Еще одна ловушка - это та легкость, с которой специальный жаргон может использоваться для создания тавтологических теорий; они внутренне последовательны и удовлетворительны в интеллектуальном смысле, но не потому, что действительно объясняют факты, а потому, что использованные в них специальные термины красиво между собой связаны. На мой взгляд, источником того, что некоторые аналитики очарованы взлелеянной Фрейдом концепцией "психического аппарата", является не точность отражения работы человеческой психики, а интеллектуальная и эстетическая привлекательность внутренне последовательной теории. Ее части идеально сочетаются друг с другом, и это сохранится даже в том случае, если будет доказано, что все это чепуха.

Следующая ловушка возникает, когда жаргон используется для прикрытия невежества.
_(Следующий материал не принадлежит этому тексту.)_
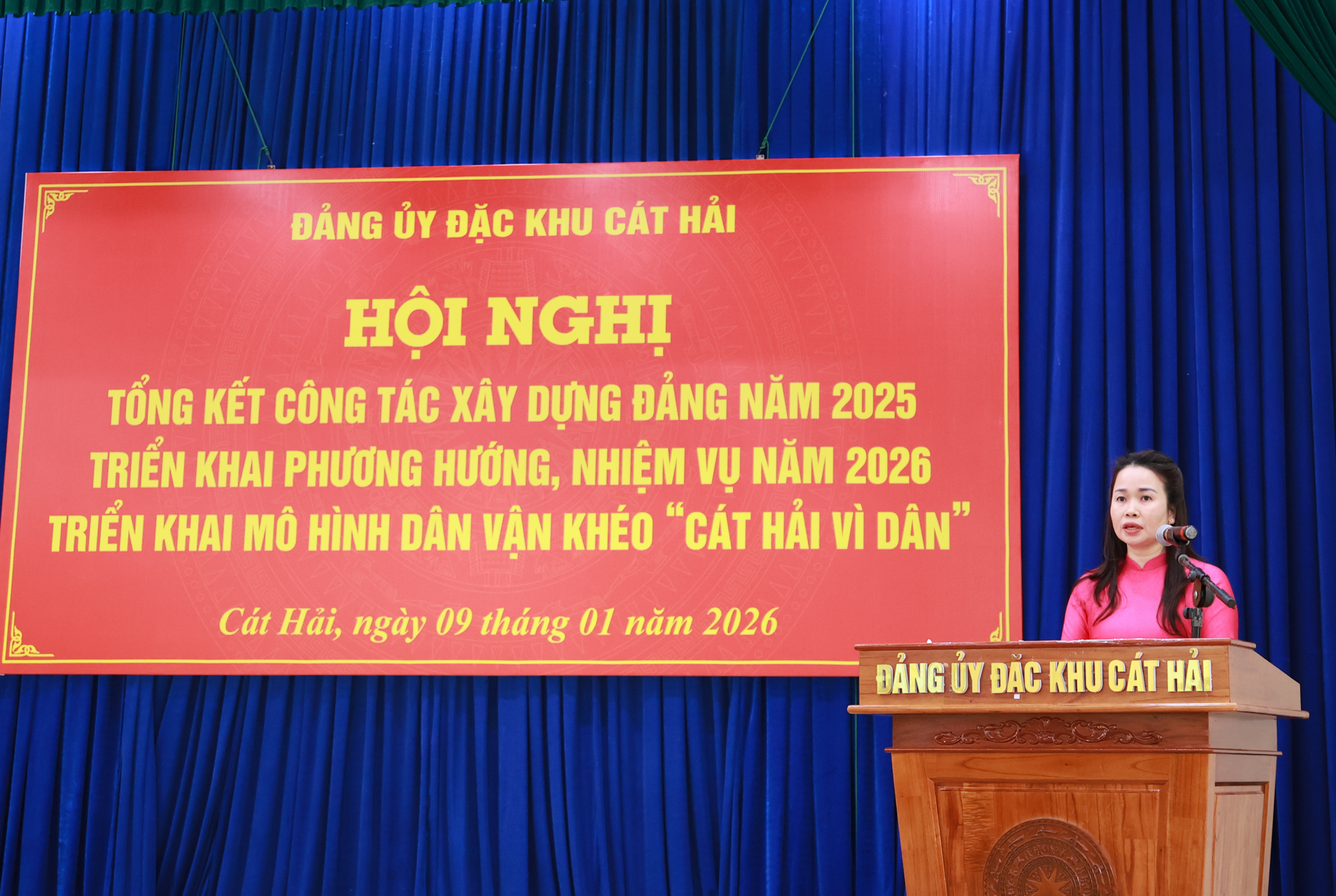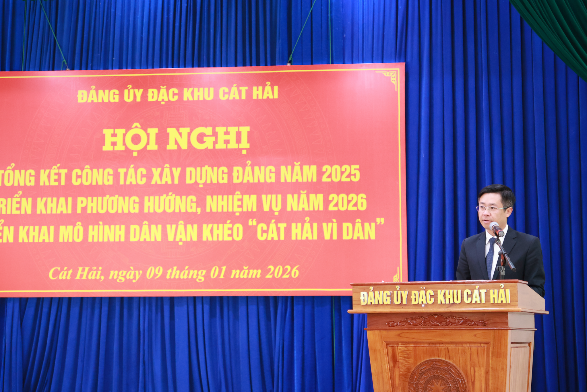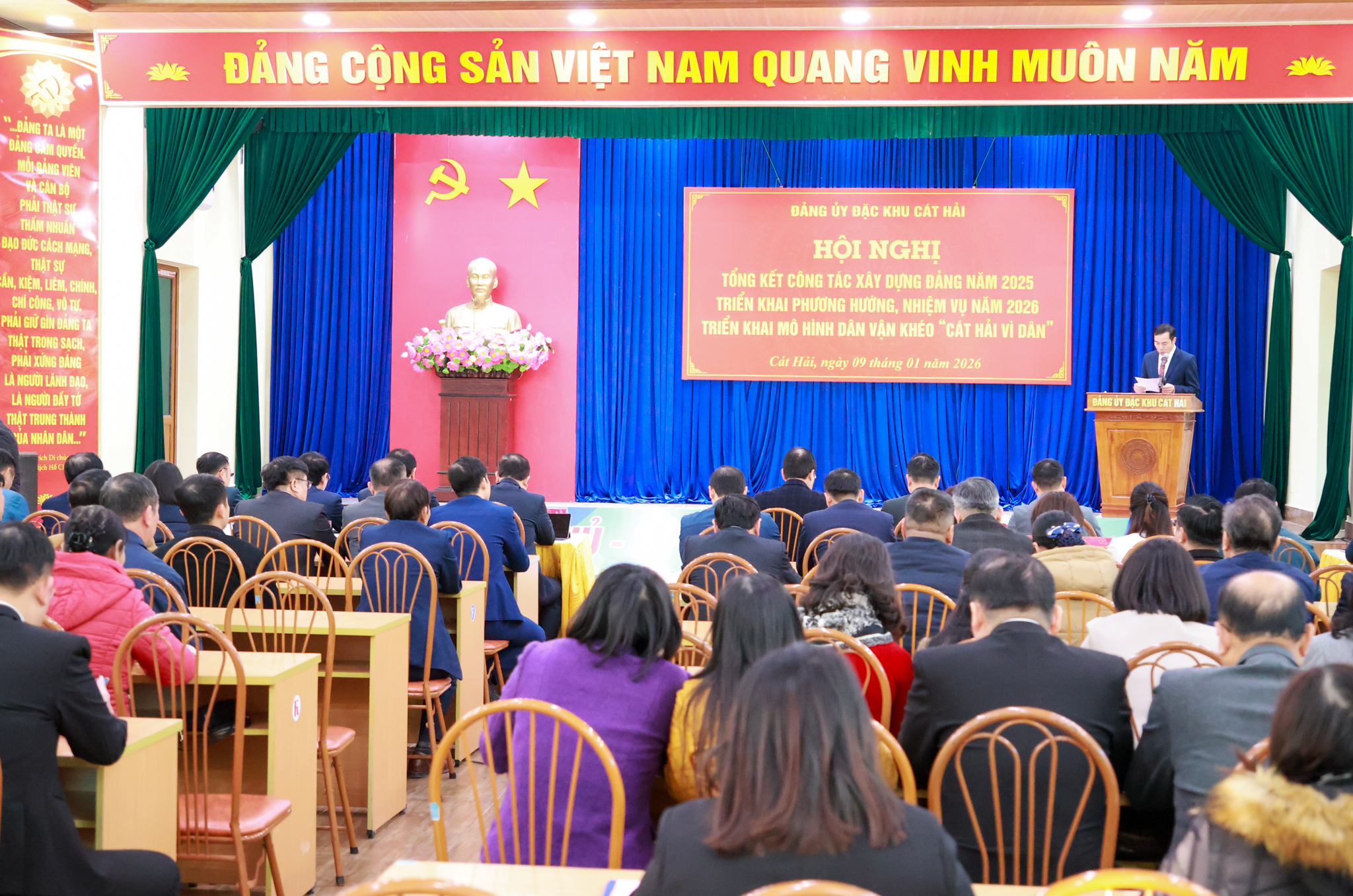 Tại hội nghị, các đại biểu đã nghe báo cáo tổng kết công tác xây dựng Đảng năm 2025. Trong bối cảnh Đảng bộ đặc khu Cát Hải được thành lập và đi vào hoạt động từ ngày 1/7/2025 theo mô hình chính quyền địa phương hai cấp, Ban Chấp hành, Ban Thường vụ Đảng ủy đặc khu đã tập trung lãnh đạo, chỉ đạo kiện toàn tổ chức bộ máy; ban hành quy chế làm việc, chương trình công tác toàn khóa và các chương trình chuyên đề, bảo đảm sự vận hành ổn định, thông suốt của hệ thống chính trị.
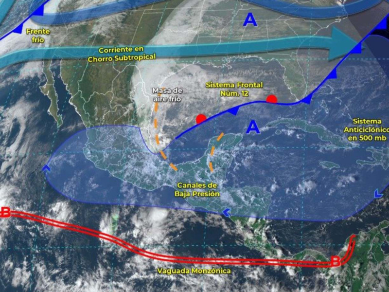 De acuerdo con el comunicado del organismo dependiente de la Comisión Nacional del Agua (Conagua), un canal de baja presión sobre el sureste mexicano y la Península de Yucatán, generará chubascos y lluvias fuertes acompañados de descargas eléctricas en las regiones mencionadas, con lluvias puntuales muy fuertes en Chiapas y Tabasco.
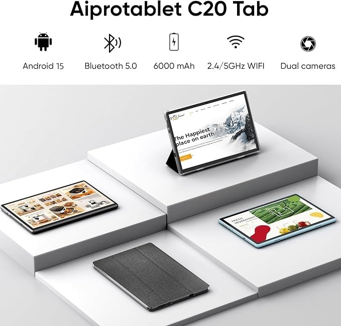 High Performance - The Aiprotablet tablet runs on Android 15 (Not Go) with a 2.0GHz Quad-Core Processor, delivering fast operation and seamless multitasking. Perfect for work, reading, studying, and entertainment
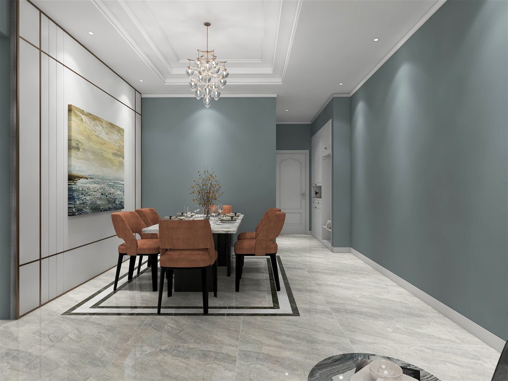 開放式的餐廳與客廳相連通,中間的走廊讓客廳、餐廳區域分明,餐廳矩形餐桌和復古的吊燈組合,天花是簡單的雕花,留住了中式韻味注入了新中式的創新元素。
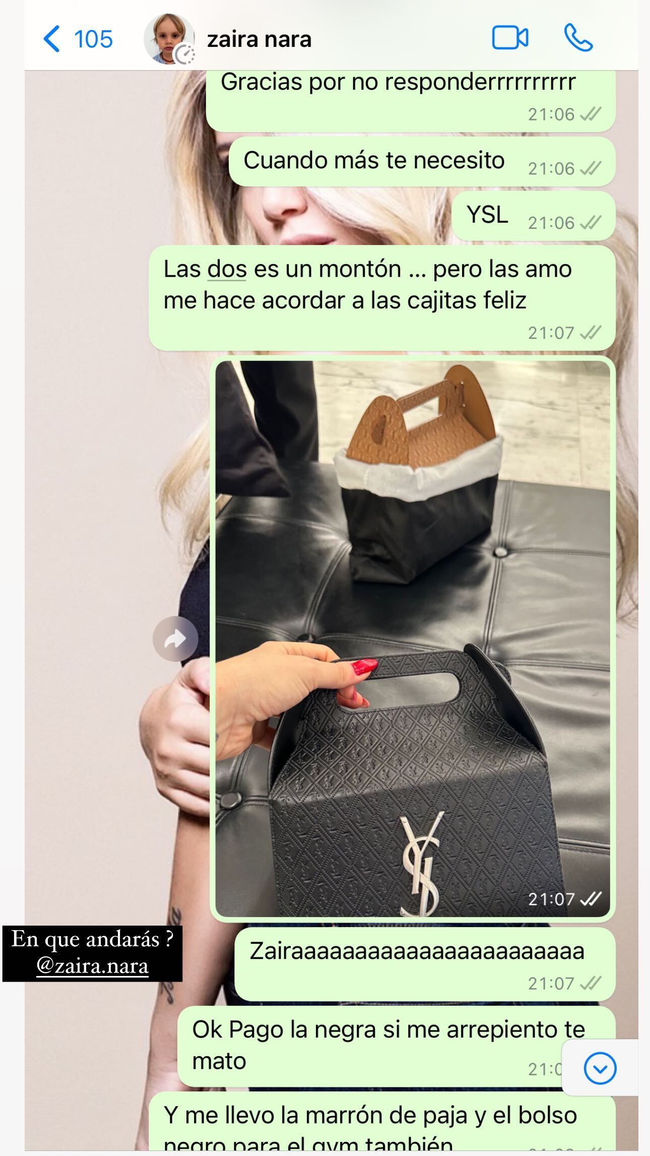 “Gracias por no responder cuando más te necesito” se ve en la foto del chat con Zaira, dejando en claro que ya le escribió antes y no obtuvo respuesta. “Las dos son un montón... pero las amo, me hacen acordar a las Cajitas Feliz”, siguió escribiendo Wanda junto a una imagen de las carteras.

Ученые слова, особенно те, что происходят из древних языков, звучат выразительно и могут произвести сильное впечатление на простаков. Психиатры, следуя давно установившейся медицинской традиции, чаще грешат этой формой бессознательного обмана, чем аналитики. Суть фокуса в том, чтобы жалобы пациента перевести на греческий язык и затем убедить его, что все беспокойства вызваны заморской болезнью с экзотическим названием. Пациент жалуется на потерю памяти, и врач говорит, что он страдает амнезией; пациент боится открытых пространств, и врач говорит ему, что у него агорафобия. Любопытно, что обе стороны довольны результатом: врач чувствует, что он что-то сделал, а пациент доволен тем, что его страдание получило название и стало менее таинственным, Похоже, сам Фрейд был в высшей степени свободен от дурмана слов. Хотя психоанализ показал, что не состояние психики, а динамические процессы являются тем, что имеет значение, его менее всего воспевают за то, что он избавил психиатрию от озабоченности диагностическим искусством.

Справившись с жаргоном, читатель, полный решимости одолеть психоанализ, вынужден, если он англоязычен, вступить в борьбу с трудностями, обусловленными тем, что вначале психоаналитическая литература писалась и, более того, концептуально продумывалась на немецком языке.

К сожалению, мысли не могут быть перенесены целиком из одного языка в другой путем простого их перевода, слово за словом, и поэтому необходимо серьезно предусматривать возможность того, что нечто существенное может произойти с идеей иди теорией при переводе ее на другой язык. Подобно иммигрантам, иноязычные идеи лишь с трудом ассимилируются, а ко времени их Натурализации они, похоже, уже претерпевают изменения. Джеффри Горер в очерке, озаглавленном "Культурное сообщество и культурное многообразие", показал, что те четыре свободы, о которых мы так много слышали в конце Второй мировой войны, - свобода слова, свобода религии, свобода от нужды и свободы от страха - фактически не имеют смысла ни в каком другом языке, кроме английского, по той простой причине, что ни в одном другом языке нет слова, аналогичного нашему "freedom" ("свобода"), которое означает и вне иметь препятствий", и "подлежать защите от". Точно так же плохо переносят путешествие многие психоаналитические понятия, что создает трудности для читателей, вынужденных знакомиться с ними из вторых рук.

Одним из ключевых понятий теории Фрейда является "Angst",

которое все английские переводчики передают как "anxiety".

Никто не предложил более удачного перевода, чем этот, но, к сожалению, диапазоны значений, охватываемых словами "Angst" и "anxiety", не идентичны. "Angst", как представляется, неразрывно с понятиями мучения, страха и страдания, но совершенно не связано с идеей будущего, тогда как "anxiety", по определению "Тезауруса" Роже, является одним из будущих переживаний и может даже быть использовано по отношению к приятному ожиданию. "Мне очень хочется посмотреть такой-то и такой-то фильм".

В результате этого лингвистического расхождения между английским и немецким языками, anxiety всегда фигурирует в аналитической литературе как неприятное переживание, которого индивид стремится избежать, от которого хочет избавиться, но никогда как страстное желание и готовность принять будущее. Это слово используется также, особенно в выражении "первичная тревога", по отношению к переживаниям, которые английский писатель скорее назвал бы "испуг" или "ужас". Одним удивительным и неудачным следствием такого приравнивания anxiety к Angst стало распространение мнения о том, что тревога всегда является невротическим симптомом и что идеальный "здоровый", "приспособленный" человек должен быть "свободен от тревоги". Однако идея эта больше относится к популярному психиатрическому фольклору американского образца, чем к психоаналитической теории.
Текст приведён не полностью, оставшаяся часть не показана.